The people of the State of California do enact as follows:


SECTION 1.

 Title 1.81.10 (commencing with Section 1798.600) is added to Part 4 of Division 3 of the Civil Code, to read:

TITLE 1.81.10. Contact Tracing

1798.600.
 As used in this title:
(a) “Contact tracing” means identifying and monitoring individuals, through data collection and analysis, who may have had contact with an infectious person as a means of controlling the spread of a communicable disease.
(b) “Data” means measurements, transactions, determinations, locations, or other information, whether or not that information can be associated with a specific natural person.
(c) “Law enforcement agency” means any of the following:
(1) A police department.
(2) A sheriff’s department.
(3) A district attorney.
(4) A county probation department.
(5) A transit agency police department.
(6) A school district police department.
(7) The police department of any campus of any of the following:
(A) The University of California.
(B) The California State University.
(C) A community college.
(8) The Department of the California Highway Patrol.
(9) The Department of Justice.

1798.601.
 (a) Data collected, received, or prepared for purposes of contact tracing shall not be used, maintained, or disclosed for any purpose other than facilitating contact tracing efforts.
(b) (1) Except as provided in paragraph (2), all data collected, received, or prepared for purposes of contact tracing shall be deleted within 60 days.
(2) This subdivision shall not apply to data in the possession of a local or state health department.

1798.602.
 An officer, deputy, employee, or agent of a law enforcement agency shall not engage in contact tracing.

1798.603.
 (a) A person may bring a civil action for a violation of this title to obtain injunctive relief.
(b) A prevailing plaintiff in a civil action brought pursuant to this section shall be awarded reasonable attorney fees.

SEC. 2.

  The Legislature finds and declares that Section 1 of this act, which adds Section 1798.601 of the Civil Code, imposes a limitation on the public’s right of access to the meetings of public bodies or the writings of public officials and agencies within the meaning of Section 3 of Article I of the California Constitution.

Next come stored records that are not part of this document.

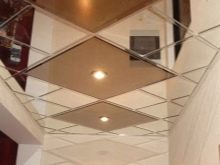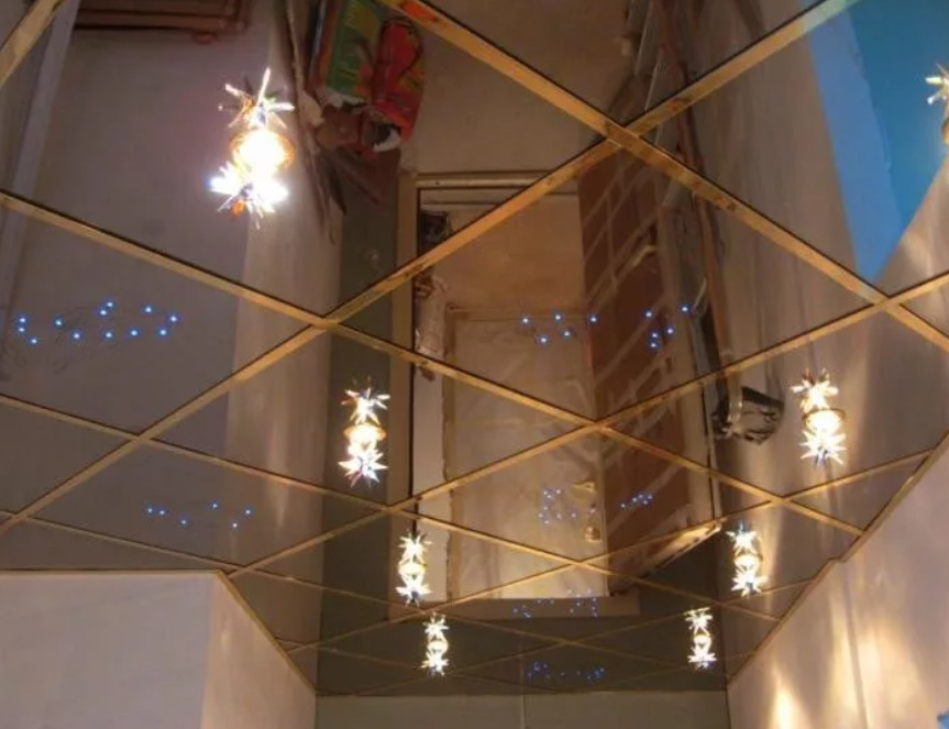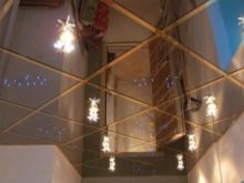 Los techos con espejos se ven muy interesantes e inusuales. Esta solución no estándar hará que el espacio sea visualmente más amplio. Para la instalación, primero se crea un marco, en el que luego se unen capas de espejo. La decoración le permite "duplicar" figurativamente el espacio. Los techos con espejos crean una experiencia de iluminación completamente única.
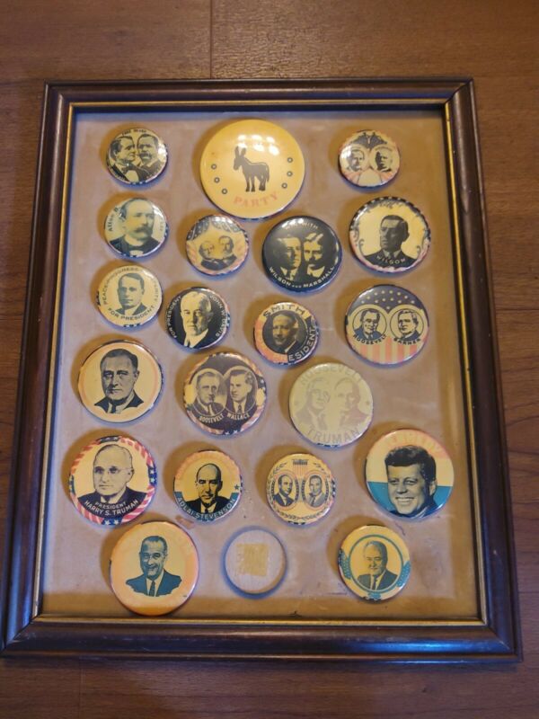 Title (ebay affiliate link): Vintage historical Democratic Party campaign buttons with plaque 12" x 15"
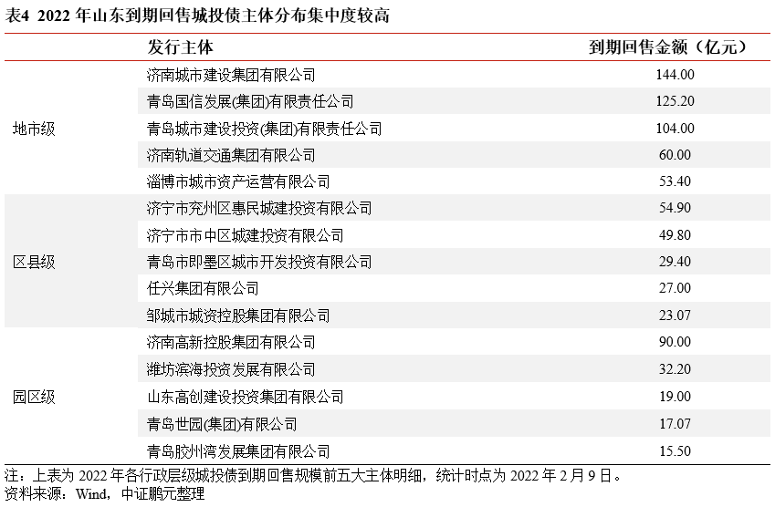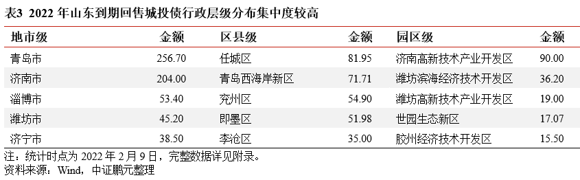 二、山東省2022年到期回售城投債區(qū)域和主體分布集中度較高,且各區(qū)域間分化較為明顯
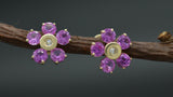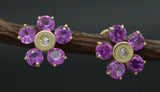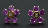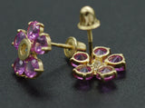 JM26 14K Solid Yellow Gold 9mm Flower Pink Cubic Zirconia CZ Stud Earrings
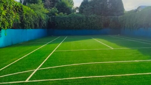 Теннисный корт из искусственного газона DiaSport Fibra 20. Чеховский район, деревня Масловка.
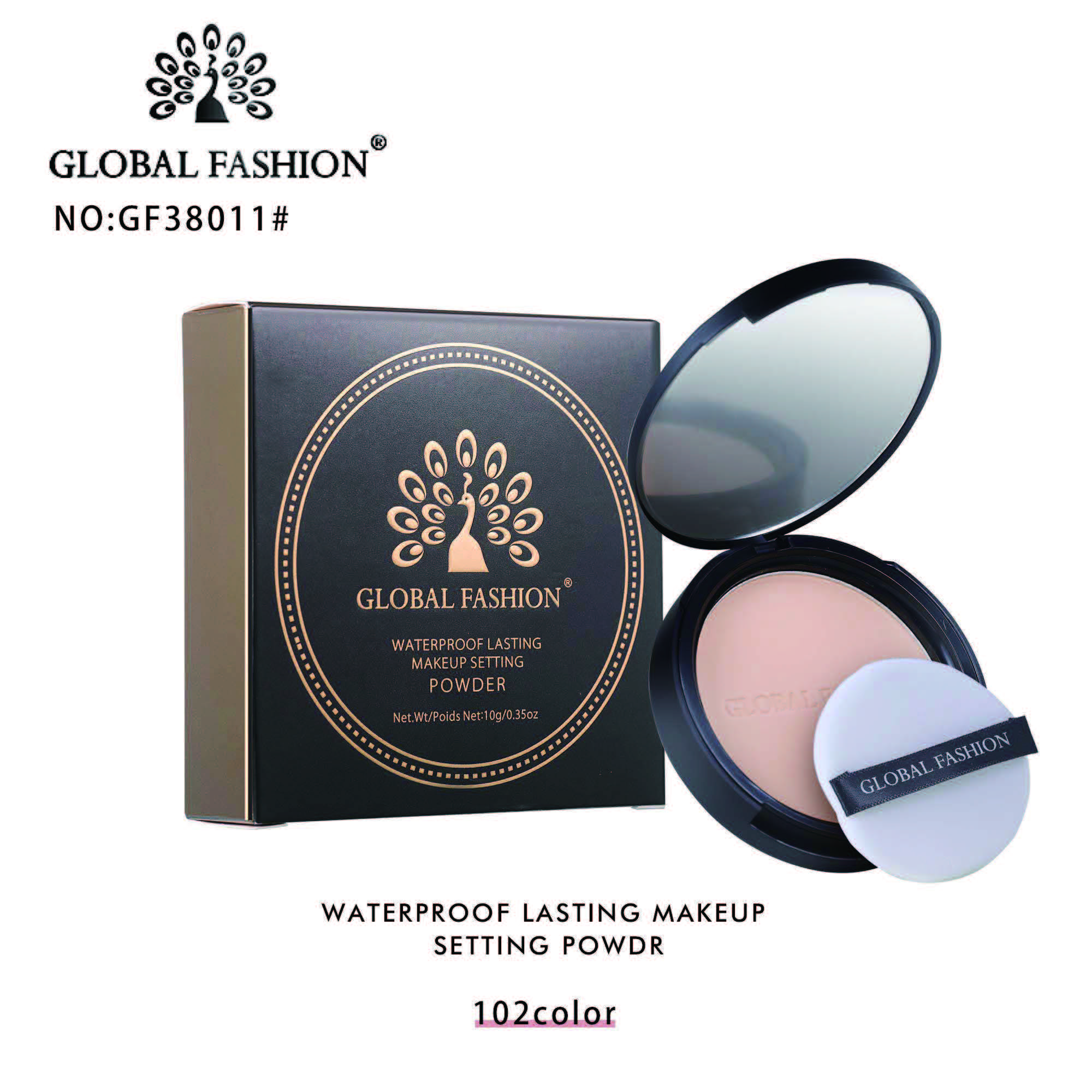 Водостойкая пудра Global Fashion – GF38011, оттенок #102 – Матовый, ровный и безупречный цвет лица на весь день

Pursuant to that constitutional provision, the Legislature makes the following findings to demonstrate the interest protected by this limitation and the need for protecting that interest:
This act balances the right of the public to access relevant information about contact tracing efforts by public health entities while protecting the privacy rights of individuals whose data is collected for contact tracing purposes.

SEC. 3.

  The Legislature finds and declares that Section 1 of this act, which adds Section 1798.601 to the Civil Code, furthers, within the meaning of paragraph (7) of subdivision (b) of Section 3 of Article I of the California Constitution, the purposes of that constitutional section as it relates to the right of public access to the meetings of local public bodies or the writings of local public officials and local agencies. Pursuant to paragraph (7) of subdivision (b) of Section 3 of Article I of the California Constitution, the Legislature makes the following findings:
This act balances the right of the public to access relevant information about contact tracing efforts by public health entities while protecting the privacy rights of individuals whose data is collected for contact tracing purposes.